It is a three dimensional image of a teapot suspended in the air in front of a vertical backdrop and a slanting base.
Because we are binocular, we can see three dimensions. This is called ”single binocular vision”. It has three ”steps”. The first is simultaneous vision. Both eyes independently see the same image. The second is fusion. When our brain detects the two similar (not identical, see below) images - the sensory part of fusion - it will automatically and uncosciously precisely align the images into a single one by adjusting the direction of the eyes - the motor part of the fusion. We do not want to see double. Once the images of the two eyes are aligned, our brain notices that they are not in fact identical. This is because right eye sees it slightly from the right side and our left eye from the left - this is called disparity. Within half a second or so after aligning the two images, our brain calculates from this disparity a three dimensional view - the third step of single binocular vision called stereopsis.
But this three dimensionality is limited to a relatively narrow field, narrowest directly in front of us and a but wide in our peripheral visual field, called Panum’s space. Outside this space we continuously see double. This does not bother us because our brain is accustomed to these physiological diplopic images (but out a Finger in front of you and focus to it, puting it thus inside Panum’s space and everything behind your finger will be seen double. Now focus to the obects behind your finger, thus moving Panum’s space there, and you will see your finger doubled).
The APOD of today plays with single binocular vision. It has a repeating vertical motif that is there to stimulate fusion. Then there are the two disparate images that, once fusion is activated, within the half second or so will be spotted by our brain. It will find them different and will calculate the three dimensional image to us. Once ready, fusion keeps it visible and fixed even if we tilt the screen or look at it sideways. The third component is the random ”noise” added to confuse us so to hide the two disparate images. The three dimensional view emanates from the fact that the two images are slightly at dirrerent distances from the margin of the repeating vertical motif.

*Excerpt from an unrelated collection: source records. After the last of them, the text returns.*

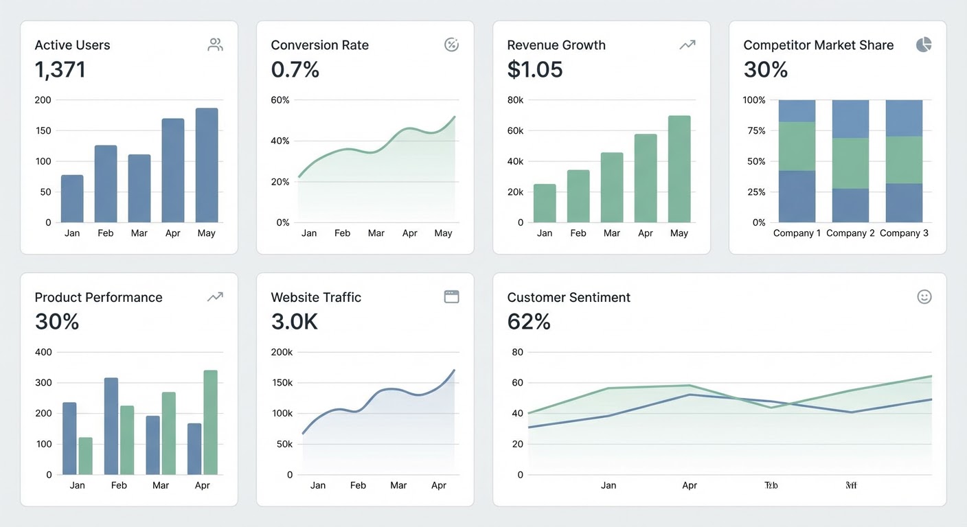 Traffic growth rate → Should we change our acquisition strategy? Channel mix → Where should we invest? Review sentiment → What should sales emphasize? Feature velocity → How fast is the gap closing or opening? Content signals → Where are competitors headed? Pricing position → Should we adjust our pricing? Win rate → Where are we losing and why?
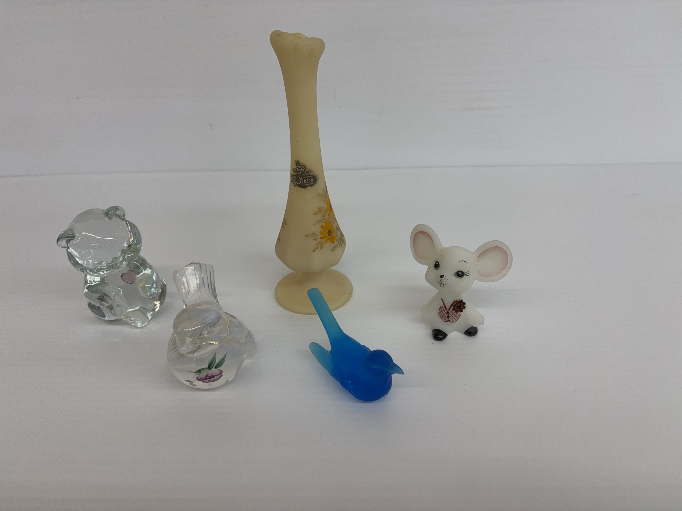 Collection of various glass figurines, including Fenton USA vase, clear Fenton teddy bear, Fenton bird, Fenton mouse and Westmoreland blue bird figurine. Tallest 7.75 in.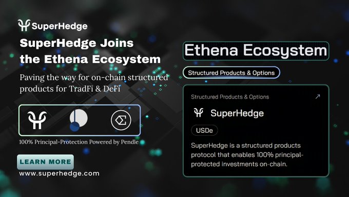 📢 SuperHedge is now officially listed under the Ethena Ecosystem! This is a big step as we continue to grow in the structured products space—especially with Ethena’s upcoming Converge chain designed for institutional DeFi. Our mission? 📈 Bring principal-protected, fixed-yield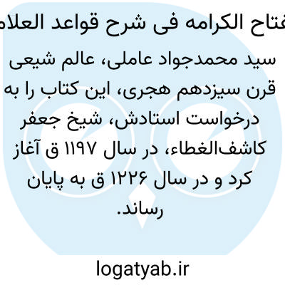 [ویکی شیعه] مفتاح الکرامه فی شرح قواعد العلامه (کتاب). مِفْتاحُ الْکرامَة فی شَرْحِ قَواعِدِ الْعَلّامَه، یکی از شرح های کتاب قواعد الاحکام نوشتهٔ علامه حلی (متوفای ۷۲۶ق) است. نویسندهٔ این کتاب سید محمدجواد حسینی عاملی از علمای قرن سیزدهم است. او کتاب را به درخواست استادش شیخ جعفر کاشف الغطاء نوشته است. این کتاب تعدادی از ابواب فقهی را دربردارد و در آن آرای فقیهان در رابطه با هر مسئله گردآوری شده است.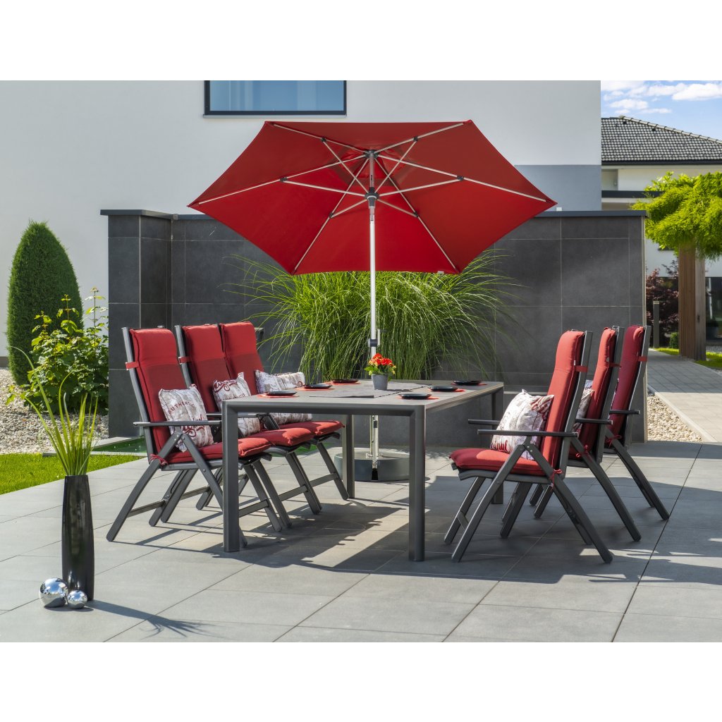 Tento moderný, ľahký, stabilný slnečník je ideálnym spoločníkom na balkón, terasu alebo záhradu. Slnečník má kvalitnú hliníkovú konštrukciu a funkciu automatického naklápacieho kĺbu. Možno výškovo nastaviť. Poťah je vyrobený z 100% polyesterovej tkaniny odolnej poveternostným vplyvom s vynikajúcou UV ochranou 80+. Má snímateľný poťah na ručné pranie. Vďaka ventilačnému otvoru v streche sa pod slnečníkom nekumuluje horúci letný vzduch.

There are two ways of getting the stereoscopiv view. If you have latent outward squint like many of us have (almost all shortsighted myopic individuals have this exophoria) you can just let your eyes wander a bit so that one vertical motif moves approximately on top of the next one. The brain will notice they are similar, but not identical, fusion will align them perfectly and the brain will calculate the stereopsis. If you let your eyes wander two much so that they will skip on vertical motif and align the next one, your stereopsis will produce an abstract three dimensional image - a Salvador Dali teapot if you wish.
If you are not blessed with exophoria, it will be more difficult. You will need to look somewhat beyond Panum’s space and then out your screen within it. If you have latent inward squint, esophoria, or you align your eye on the wrong side of Panum’s space, the three dimensionality will reverse as the eyes are crossed the unintended way.